### What to produce
Make an exact copy of every entry below, with the pictures left out.

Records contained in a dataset
....

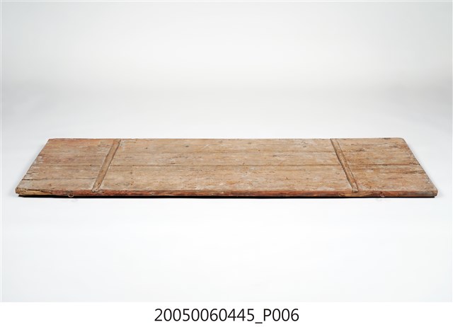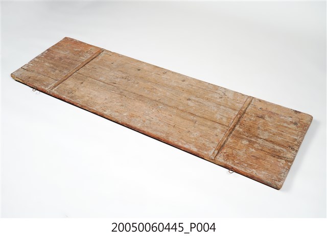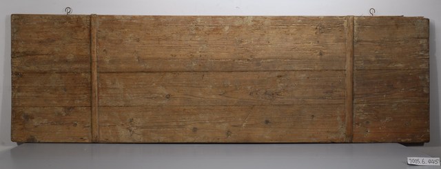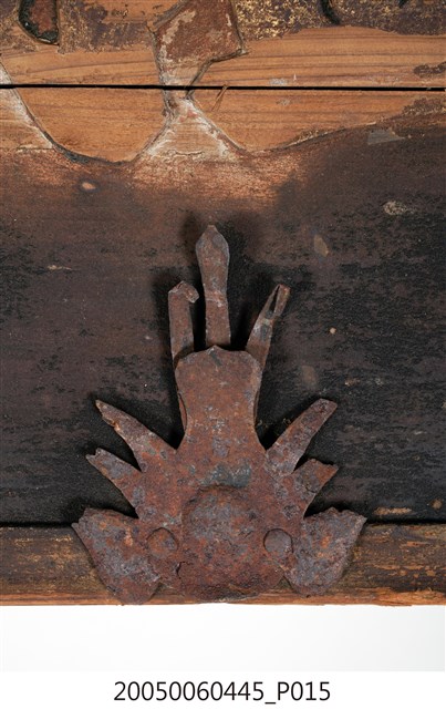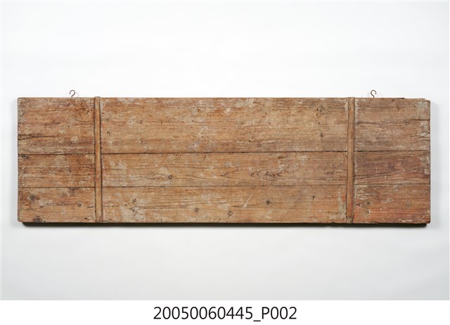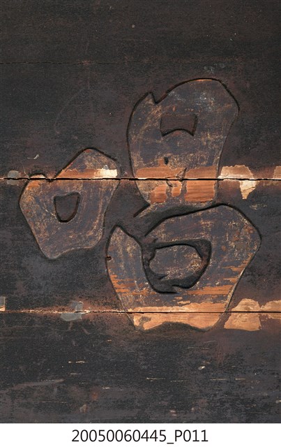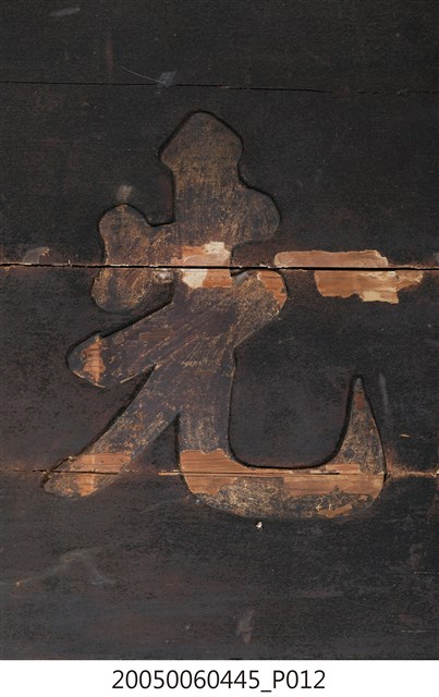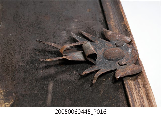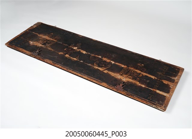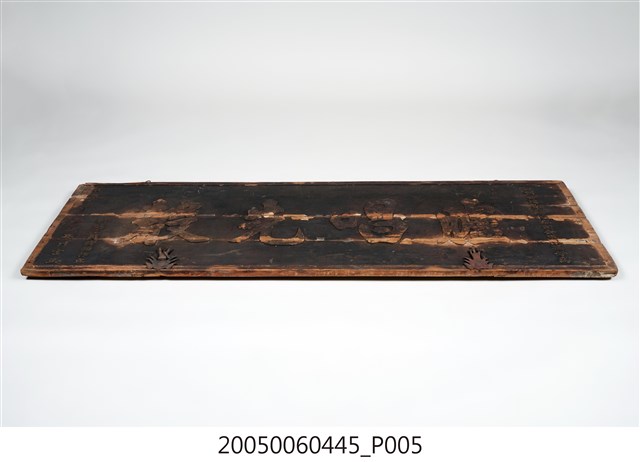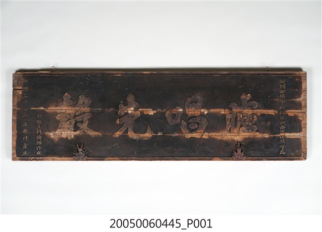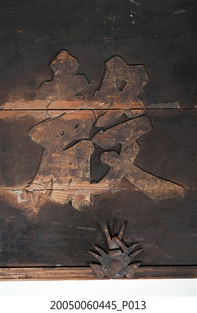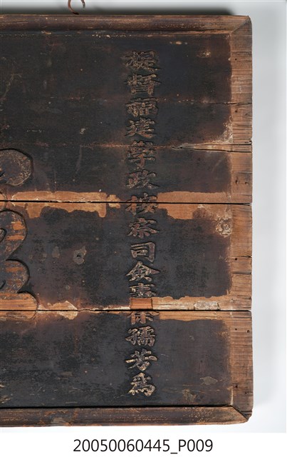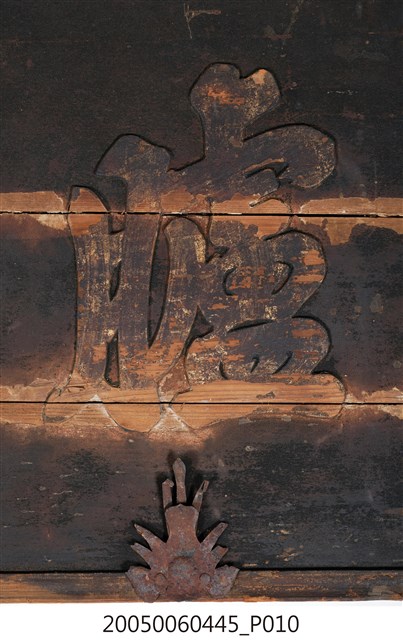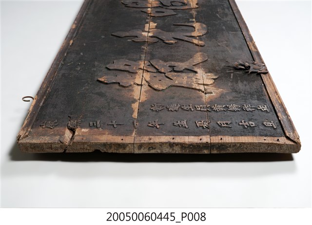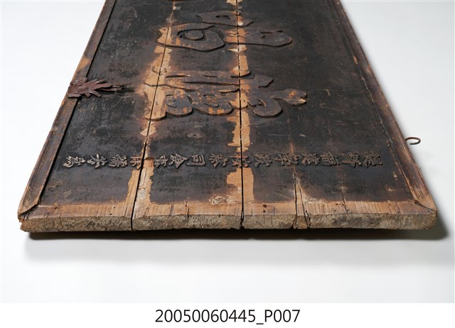 3.此匾主體係由3塊長形木頭拼接而成,背面有兩條垂直木條固定,原本左右兩應釘有邊框,下方另有兩個被釘子固定的金屬片。
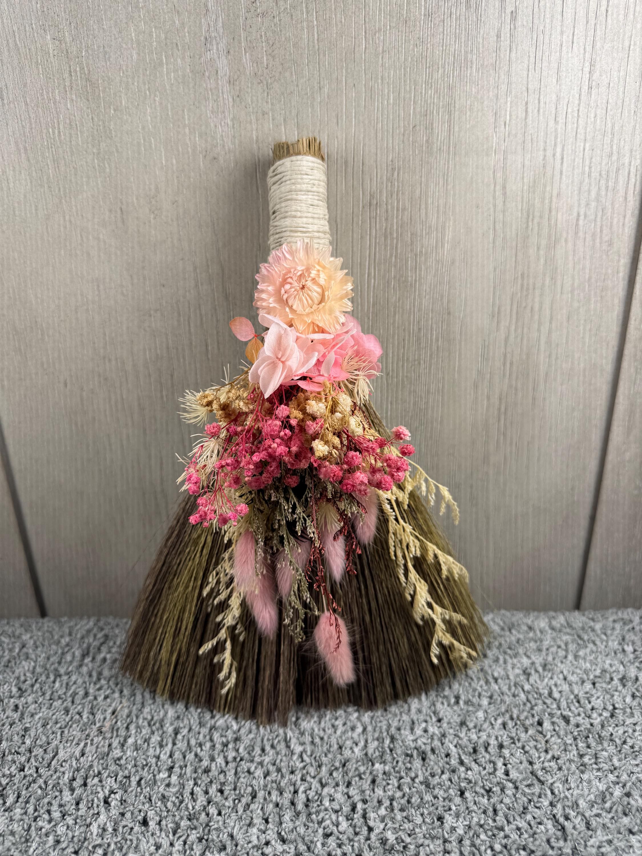 Brooms and besoms are used for protection, to ward off evil spirits, and cleansing of ritual spaces. Usually help a few inches above the floor, a special broom is used to cleanse a space of negative energies or "energetic clutter" before creating a ritual or magic circle. Made with real dried preserved flowers and wrapped with hemp. Blessed Be!
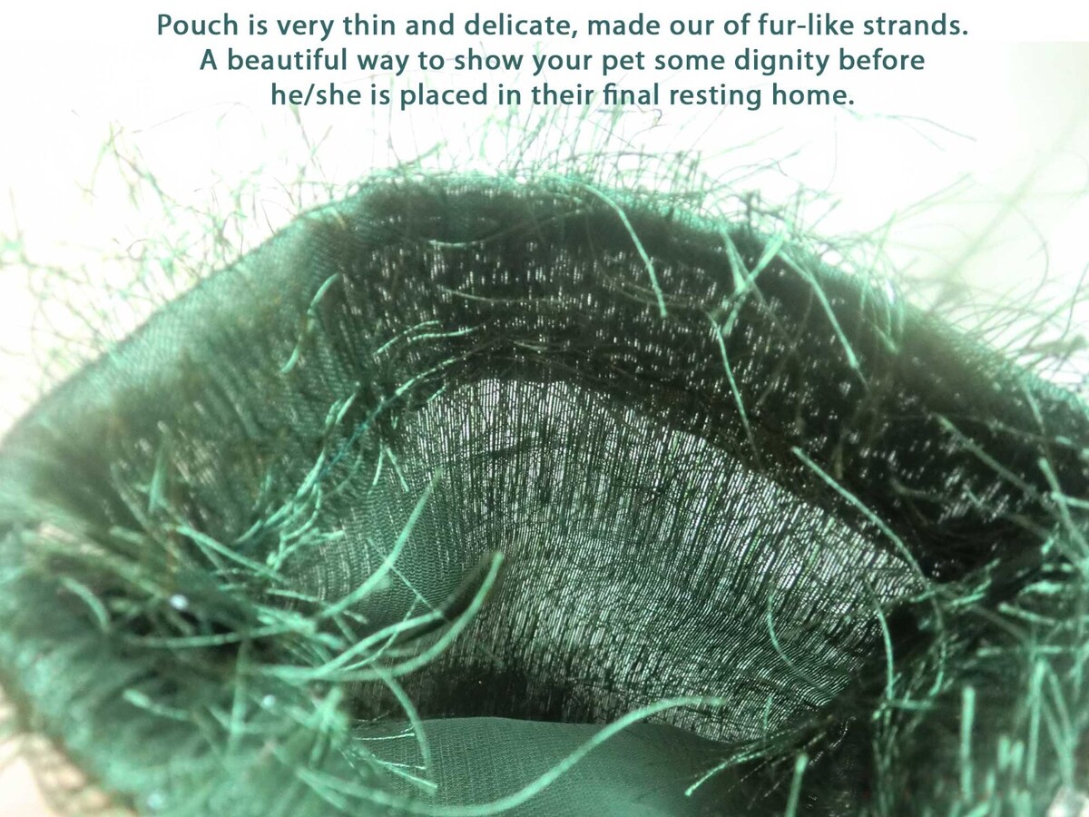 Shimmer Pet Cremation Pouch before placing them in their final resting home.
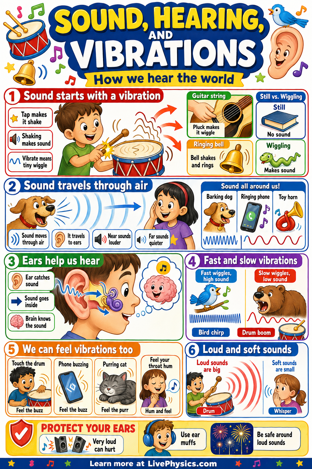 Vibrations can travel through air, water, and solids like tables or walls. When an object vibrates, it makes the nearby material vibrate too, and the sound moves along. Bigger vibrations often make louder sounds, while faster vibrations can make higher sounds. Learning about sound helps children connect what they hear to how the world moves.
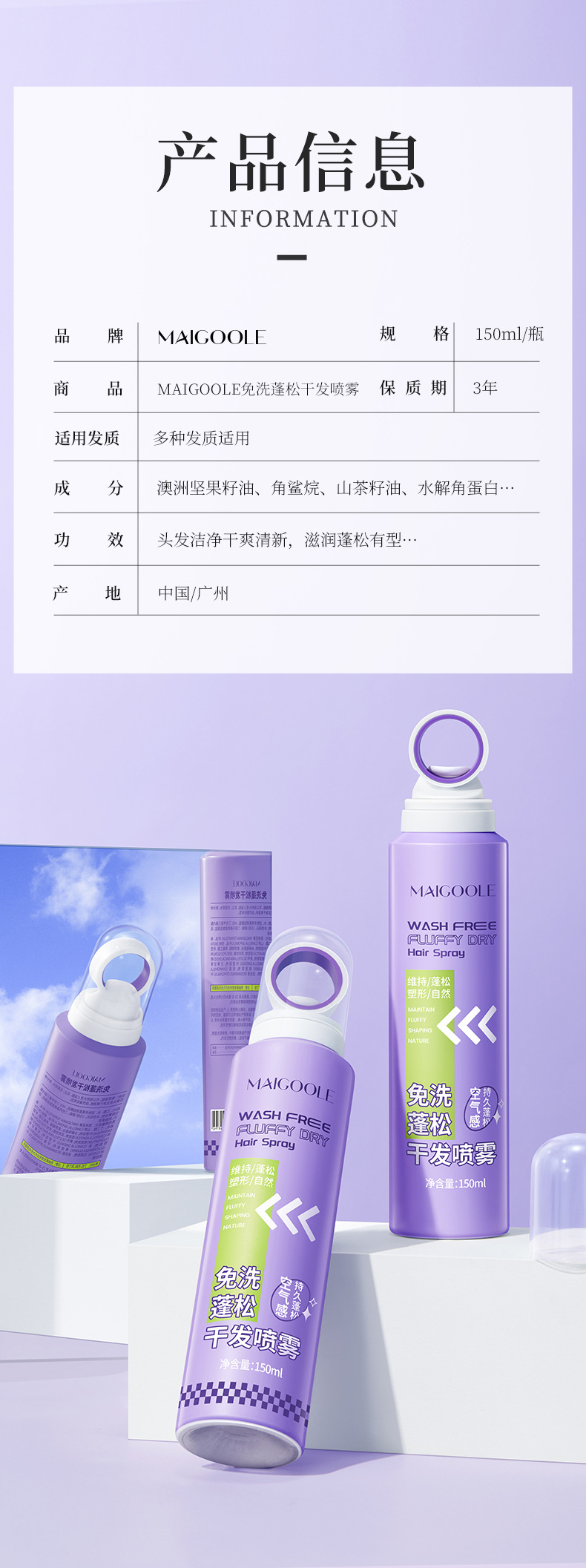 【一喷即蓬!轻松祛油】免洗蓬松干发喷雾油头救急高颅顶空气感刘海懒人常备器 商品图3
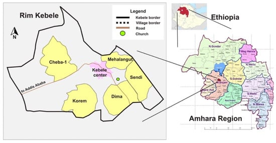 Rim Kebele is located in Mecha Woreda, West Gojjam Zone of Amhara Region, Ethiopia [64] (Figure 1). We chose this Kebele due to the high reliance of farmers on using rainfed agriculture systems.
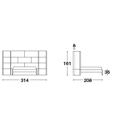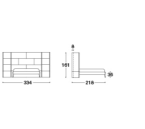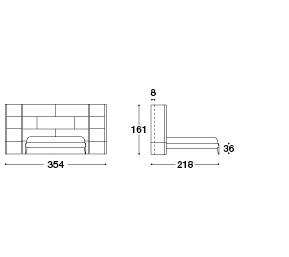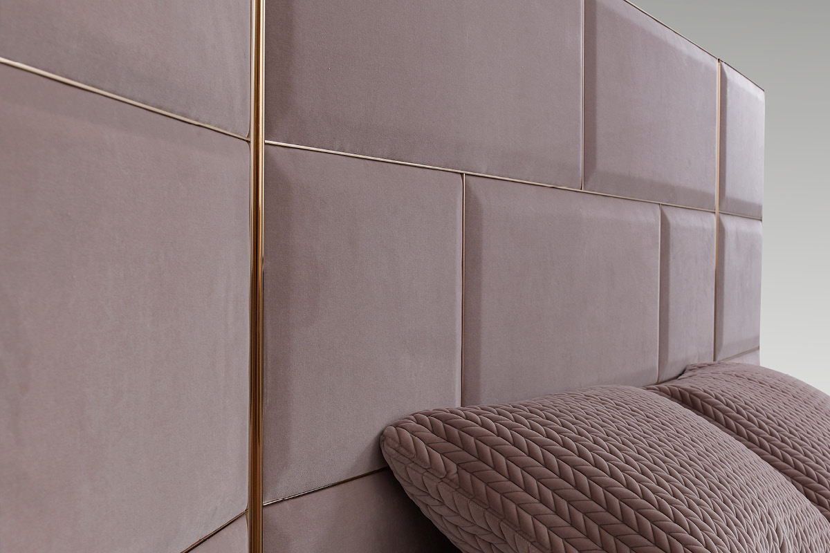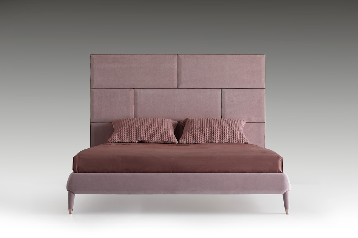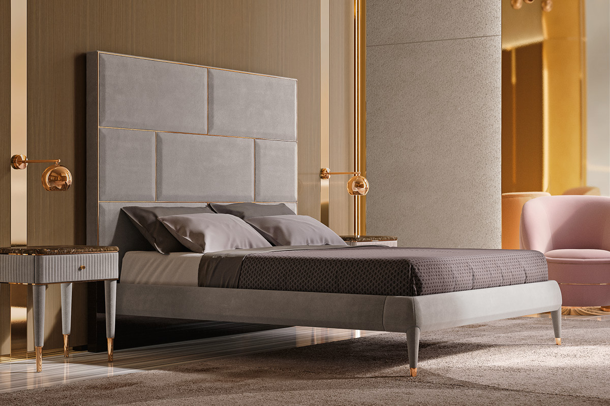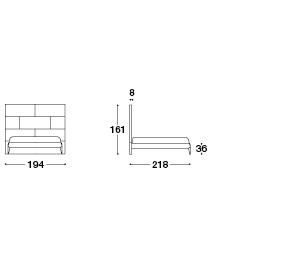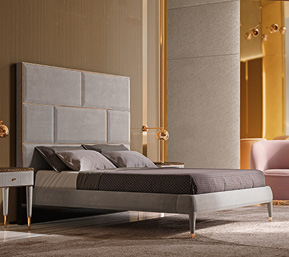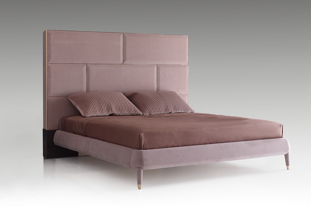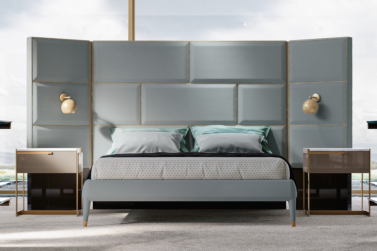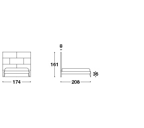 Struttura in compensato di legno con inserimento di pannelli frontali e posteriori in compensato di legno laccati o in essenza nella parte inferiore e imbottita in tessuto o pelle nella parte superiore. Profili in metallo, con cerniere per movimento pannelli laterali.

....

### Reply
 3.此匾主體係由3塊長形木頭拼接而成,背面有兩條垂直木條固定,原本左右兩應釘有邊框,下方另有兩個被釘子固定的金屬片。
 Brooms and besoms are used for protection, to ward off evil spirits, and cleansing of ritual spaces. Usually help a few inches above the floor, a special broom is used to cleanse a space of negative energies or "energetic clutter" before creating a ritual or magic circle. Made with real dried preserved flowers and wrapped with hemp. Blessed Be!
 Shimmer Pet Cremation Pouch before placing them in their final resting home.
 Vibrations can travel through air, water, and solids like tables or walls. When an object vibrates, it makes the nearby material vibrate too, and the sound moves along. Bigger vibrations often make louder sounds, while faster vibrations can make higher sounds. Learning about sound helps children connect what they hear to how the world moves.
 【一喷即蓬!轻松祛油】免洗蓬松干发喷雾油头救急高颅顶空气感刘海懒人常备器 商品图3
 Rim Kebele is located in Mecha Woreda, West Gojjam Zone of Amhara Region, Ethiopia [64] (Figure 1). We chose this Kebele due to the high reliance of farmers on using rainfed agriculture systems.
 Struttura in compensato di legno con inserimento di pannelli frontali e posteriori in compensato di legno laccati o in essenza nella parte inferiore e imbottita in tessuto o pelle nella parte superiore. Profili in metallo, con cerniere per movimento pannelli laterali.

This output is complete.